A calibration is thus not usually associated with approval. It "only" gives information about the error of the equipment with respect to an accepted reference value. As a consequence, it is up to the user to decide whether the equipment is sufficiently good to perform a certain measurement. One possibility is to have the instrument certified. We can always offer good advice if needed.
Inspection
Inspection involves measurement, investigation or testing of one or more characteristics of a product, and includes a comparison of the results with specified requirements in order to determine whether the requirements have been fulfilled.
Gauging
The process of determining whether the dimensions of a part are larger or smaller than some established standard, or standards, by direct or indirect methods. It determines conformance of part feature without providing numerical value.
Measurand
Particular quantity subject to measurement is known as measurand.
Measurable quantity
Attribute of a phenomenon, body or substance that may be distinguished qualitatively and determined quantitatively.
Error
"Error" does not mean "mistake". If you have made a mistake, you redo the measurement. "Error" and "uncertainty" are scientific measurement synonyms. Error of a measuring instrument is the indication of a measuring instrument minus a ‘true’ value of the corresponding input quantity, i.e. it has a sign.
Uncertainty
Uncertainty of measurement is a parameter, associated with the result of a measurement that characterizes the dispersion of the values that could reasonably be attributed to the measurand. It can also be expressed as an estimate characterizing the range of values within which the true value of a measurand lies.
Basic dimension
The ideal value of a dimension according to designer, from which variations are tolerated.
Tolerances
The amount of variation in basic dimension that is tolerated without impairing the functional fitness of design part. Necessary and permissible deviation from a desired dimension because no part can be produced exactly to a specified dimension economically.
Limits
The maximum and minimum dimensions defining the boundaries of the tolerance zone.
Clearance
The difference in size between mating parts when the male part is smaller than the inner dimension of female part.
Interference
The difference in size between mating parts when size of male part is greater then the corresponding internal dimension of the female part.
Allowance
The specified difference between mating parts necessary to secure a specific class of fit. The intentional, desired difference (minimum clearance or maximum interference) between the dimensions of two mating parts.
Accuracy (Correctness)
The closeness of agreement between a test result and the accepted reference value.

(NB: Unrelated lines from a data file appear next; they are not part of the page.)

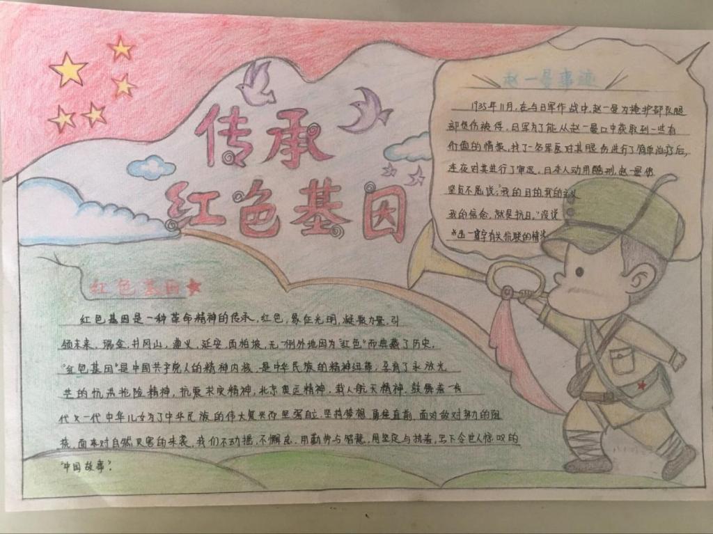 举办了“红色经典手抄报制作”活动。同学们把自己对红色经典的理解全部融入在了手抄报里面,作品内容丰富多彩,构思新颖,谱写了一篇篇美丽的赞歌。字里行间体现出了同学们对待此次活动的认真态度。最终评审出,江宏恩获得一等奖,赵雪威、薛蕴泽获得二等奖,李文瑞、朱建学、付贝获得三等奖。
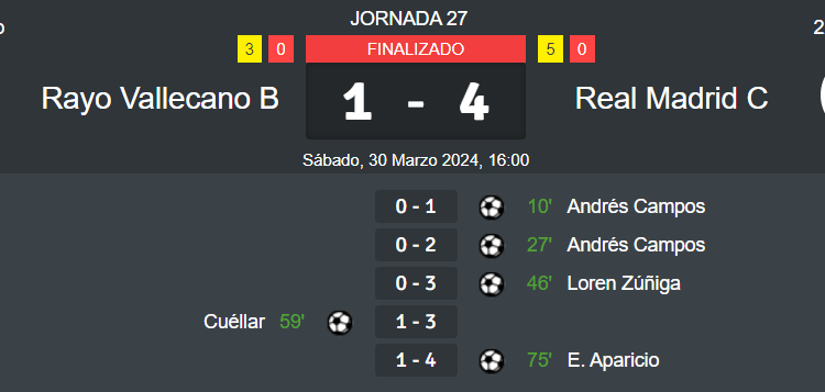 El Real Madrid C continúa su camino hacia el ascenso directo, suma su sexta victoria consecutiva y se mantiene líder con 10 puntos de ventaja a 7 jornadas para el final de la liga (1-4, doblete de Andrés Campos y goles de Borja Alonso y Esteban Aparicio). Jornada 27 de la Tercera Federación 2023/24, Grupo 7.
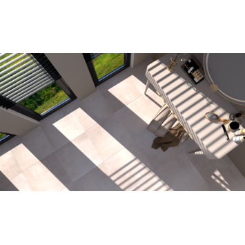 Geef jouw interieur een stoere en moderne uitstraling met de betonlooktegel in taupe. Deze keramische tegel combineert de ruige betonlook met het gemak van keramiek en past perfect in woonkamer, badkamer of andere ruimtes. Met een formaat van 60x60 cm en een dikte van 7,4 mm is de tegel makkelijk te leggen. De geglazuurde afwerking maakt schoonmaken simpel en zorgt dat hij geschikt is voor droge én vochtige plekken. Deze tegel vormt een stevige basis voor een eigentijdse, robuuste stijl.
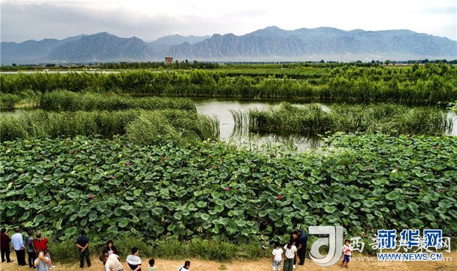 8月22日,游人在廣靈縣壺流河濕地觀賞盛開的荷花(無(wú)人機(jī)拍攝)。新華社記者 陶明 攝
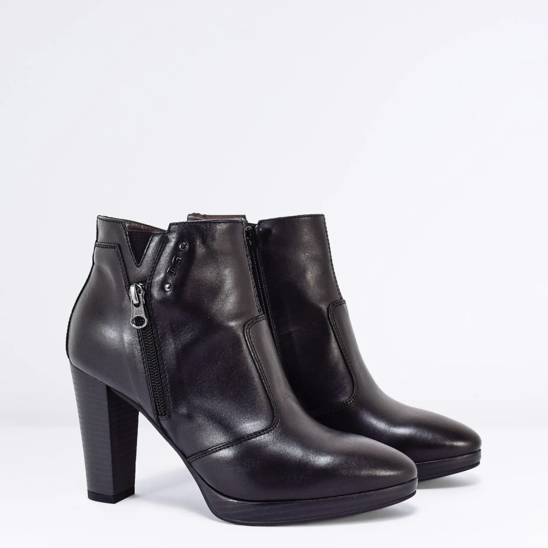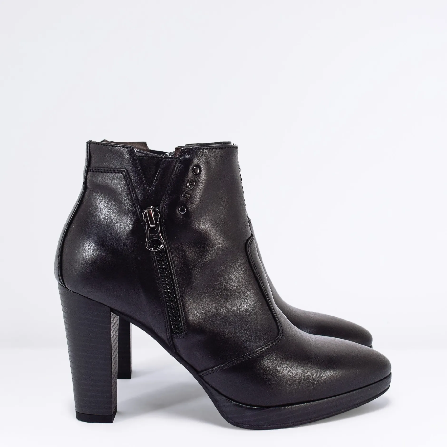 Tronchetto Nero Giardini in pelle con cerniera lato interno.
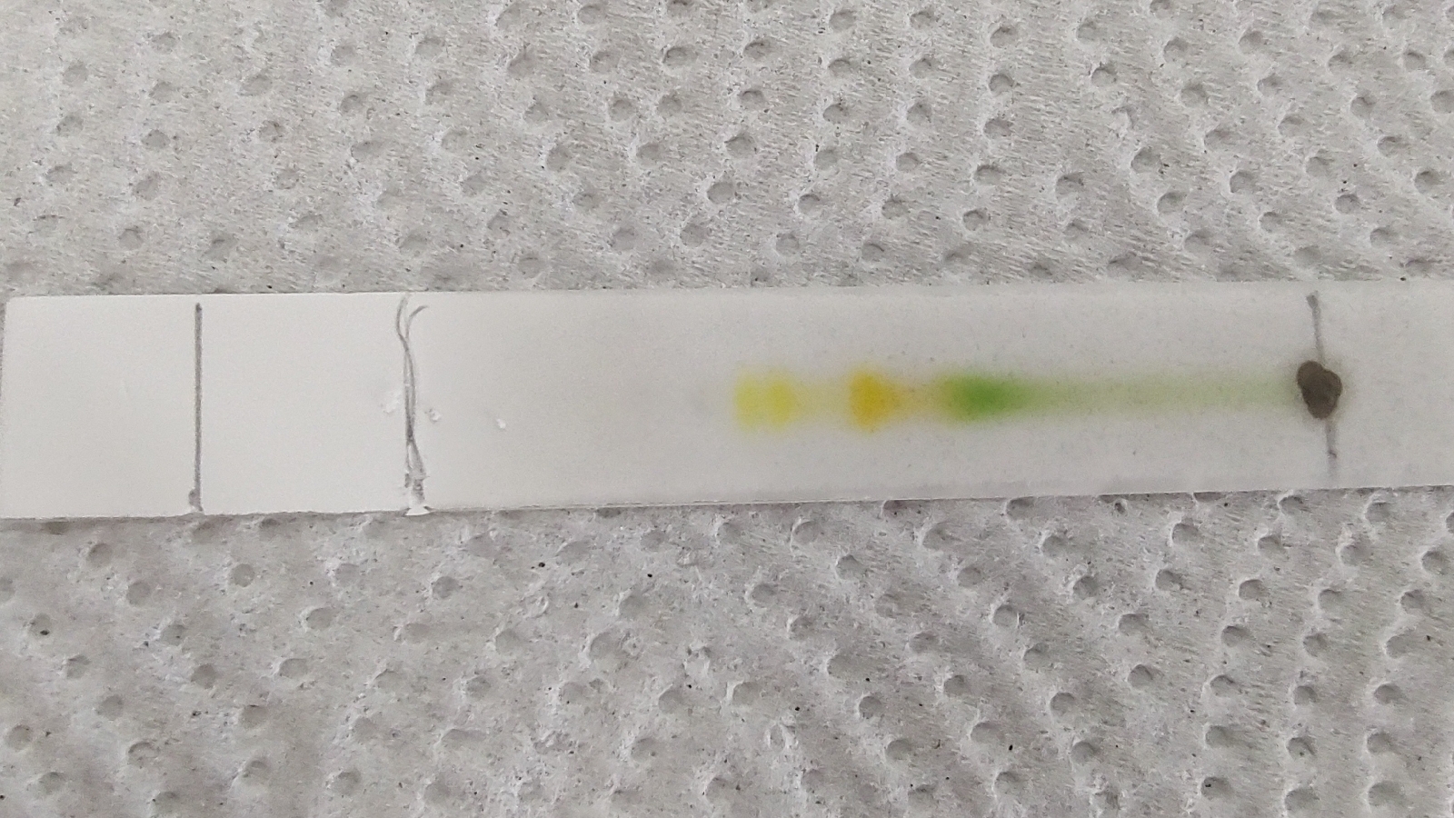 This laboratory was based on a Carolina kit with future plans to substitute local solvents based on what the kit provides. The lab launched on two videos and a presentation. In retrospect the presentation was confusing and not helpful. From all appearances, the xanthophyll travelled further than the carotene, as least by color. Even if that were not true - suppose that lighter yellow was carotene and the orange was xanthophyll, that would be confusing as the students were taught xanthophylls are yellow and cartonoids tend to be more orange-yellow.

Measurement always involves uncertainty. Accuracy and precision are two concepts, which convey the degree of certainty to which a measurement is known. Accuracy conveys how well a given measurement agrees with an accepted or true value. The accuracy of a measurement may be indicated by absolute error or relative error.
More precisely accuracy is the indication of how close a reading is to the true size of the part being measured. It deals with a number of measurements that confirm to standard. Normally in a workshop the terms precision and accuracy are used interchangeably.
Examples
Measurements can be extremely repeatable, but still be biased or contain a consistent difference from the true value.
Similarly, measurements of the same quantity can show wide variation but in general be centered around true value.
Typically, measurements show both systematic and precision errors.
Precision (number of significant figures)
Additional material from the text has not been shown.